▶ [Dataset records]
____________

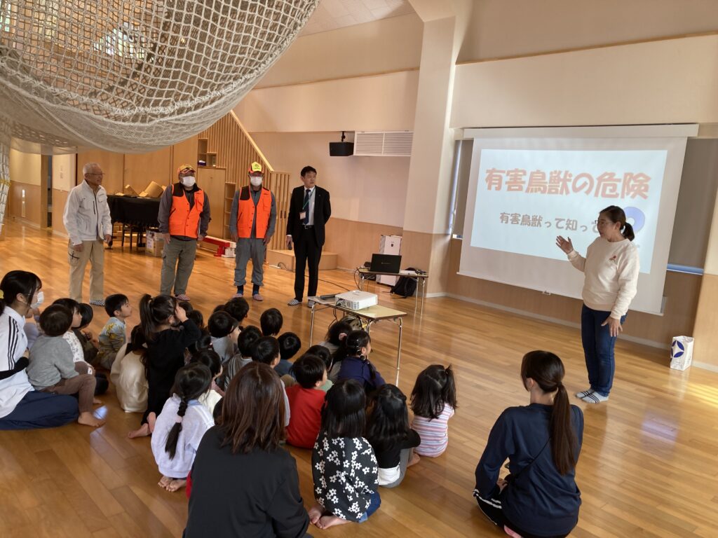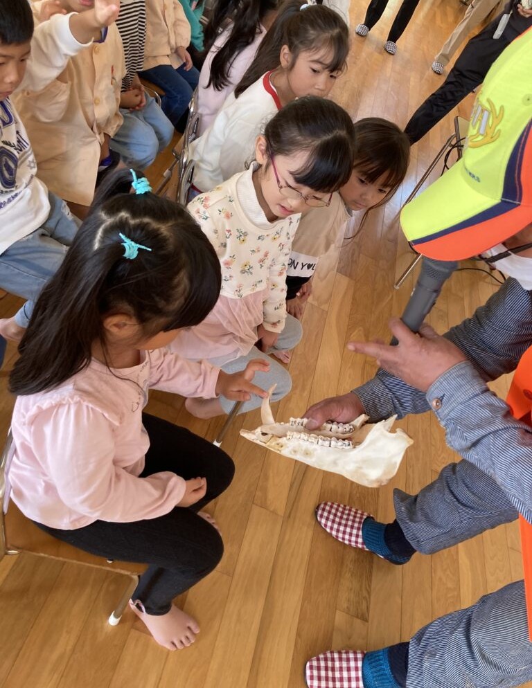 普段は動物園などでしか見られない動物たちですが、「もし山や畑で出会ったらどうする?」というお話になると、子どもたちは真剣な表情で耳を傾けていましたよ。
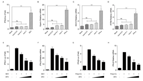 (A) CRFK cells were transfected with interferon-β (IFN-β) promoter luciferase reporter plasmid, along with pRL-TK. At 24 hpi, the cells were either mock-infected or infected with increasing concentrations of feline infectious peritonitis virus (FIPV)-DF2 (moi = 0.01, 0.1, 1). The mock-infected cells were infected with 20 hemagglutinating activity units of Sendai virus (SEV) as a positive control. At 12 hpi, the cells were lysed and luciferase assays were performed. (B–D) CRFK cells were mock-infected or infected with increasing concentrations of FIPV-DF2 (moi = 0.01, 0.1, 1) for 12 h. CRFK cells were treated with IFN-α (500 ng/mL) as a positive control, and the levels of Viperin (B), interferon-stimulated gene (ISG)15 (C), and IFITMI (D) mRNA were detected by qRT-PCR. (E,G) CRFK cells were co-transfected with IFN-β promoter luciferase reporter plasmid and pRL-TK for 24 h, followed by mock-infection or infection with increasing concentrations of DF2 (moi = 0.01, 0.1, 1) for 12 h and then infection with 20 hemagglutinating activity units of SEV (E) or transfection with poly(I:C) (2 μg/mL) (G); the cells were lysed and luciferase assays were performed. (F,H) CRFK cells were mock-infected or infected with increasing concentrations of DF2 (moi = 0.01, 0.1, 1) for 12 h and then infected with 20 hemagglutinating activity units of SEV (F) or transfected with poly(I:C) (2 μg/mL) (H); the levels of IFN-β mRNA were detected by qRT-PCR. The data shown represent the means ± SD, and all experiments were repeated three times. The significant differences are indicated as follows: * p < 0.05, ** p < 0.01, *** p < 0.001.
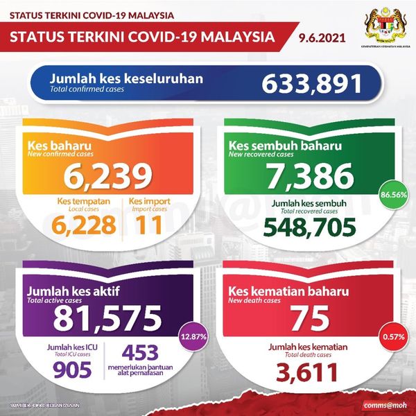 卫生总监丹斯里诺希山6月9日发文告指出,我国今增6239宗确诊病例,其中11宗为境外输入,累计病例达63万3891宗。
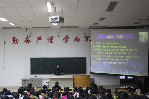 第二场讲座在综合教学楼C1014举行,宋教授报告的题目是 “成为心灵智者,创造幸福人生”。宋教授首先结合生活实例就“人要有期待的目标”这一观点提出了自己独特的见解——“梦在心中,路在脚下”。随后,宋教授又以幽默风趣的方式为我们解读了知心见性、传识成智、至善至美的真谛,为学生们今后的为人处世做出指导。宋教授旁征博引,用各位名家的言论为我们阐述了性格决定命运,教导我们要认清自我,享受生活。最后,宋教授以国学大师南怀瑾的“佛为心,道为骨,儒为表,大度看世界;技在手,能在神,思在脑,从容过生活”作结,概述了人生的修为。
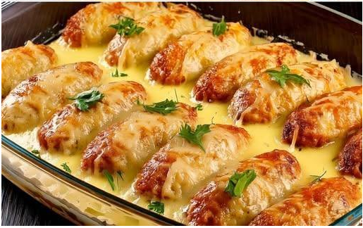 Rolinhos de repolho recheados sobre uma cama de legumes e cobertos com queijo: um clássico delicioso para toda a família!

____________

▶ [What to produce]
The entries are to be printed exactly as written; the pictures are to be left out.

▶ [Your response]
 普段は動物園などでしか見られない動物たちですが、「もし山や畑で出会ったらどうする?」というお話になると、子どもたちは真剣な表情で耳を傾けていましたよ。
 (A) CRFK cells were transfected with interferon-β (IFN-β) promoter luciferase reporter plasmid, along with pRL-TK. At 24 hpi, the cells were either mock-infected or infected with increasing concentrations of feline infectious peritonitis virus (FIPV)-DF2 (moi = 0.01, 0.1, 1). The mock-infected cells were infected with 20 hemagglutinating activity units of Sendai virus (SEV) as a positive control. At 12 hpi, the cells were lysed and luciferase assays were performed. (B–D) CRFK cells were mock-infected or infected with increasing concentrations of FIPV-DF2 (moi = 0.01, 0.1, 1) for 12 h. CRFK cells were treated with IFN-α (500 ng/mL) as a positive control, and the levels of Viperin (B), interferon-stimulated gene (ISG)15 (C), and IFITMI (D) mRNA were detected by qRT-PCR. (E,G) CRFK cells were co-transfected with IFN-β promoter luciferase reporter plasmid and pRL-TK for 24 h, followed by mock-infection or infection with increasing concentrations of DF2 (moi = 0.01, 0.1, 1) for 12 h and then infection with 20 hemagglutinating activity units of SEV (E) or transfection with poly(I:C) (2 μg/mL) (G); the cells were lysed and luciferase assays were performed. (F,H) CRFK cells were mock-infected or infected with increasing concentrations of DF2 (moi = 0.01, 0.1, 1) for 12 h and then infected with 20 hemagglutinating activity units of SEV (F) or transfected with poly(I:C) (2 μg/mL) (H); the levels of IFN-β mRNA were detected by qRT-PCR. The data shown represent the means ± SD, and all experiments were repeated three times. The significant differences are indicated as follows: * p < 0.05, ** p < 0.01, *** p < 0.001.
 卫生总监丹斯里诺希山6月9日发文告指出,我国今增6239宗确诊病例,其中11宗为境外输入,累计病例达63万3891宗。
 第二场讲座在综合教学楼C1014举行,宋教授报告的题目是 “成为心灵智者,创造幸福人生”。宋教授首先结合生活实例就“人要有期待的目标”这一观点提出了自己独特的见解——“梦在心中,路在脚下”。随后,宋教授又以幽默风趣的方式为我们解读了知心见性、传识成智、至善至美的真谛,为学生们今后的为人处世做出指导。宋教授旁征博引,用各位名家的言论为我们阐述了性格决定命运,教导我们要认清自我,享受生活。最后,宋教授以国学大师南怀瑾的“佛为心,道为骨,儒为表,大度看世界;技在手,能在神,思在脑,从容过生活”作结,概述了人生的修为。
 Rolinhos de repolho recheados sobre uma cama de legumes e cobertos com queijo: um clássico delicioso para toda a família!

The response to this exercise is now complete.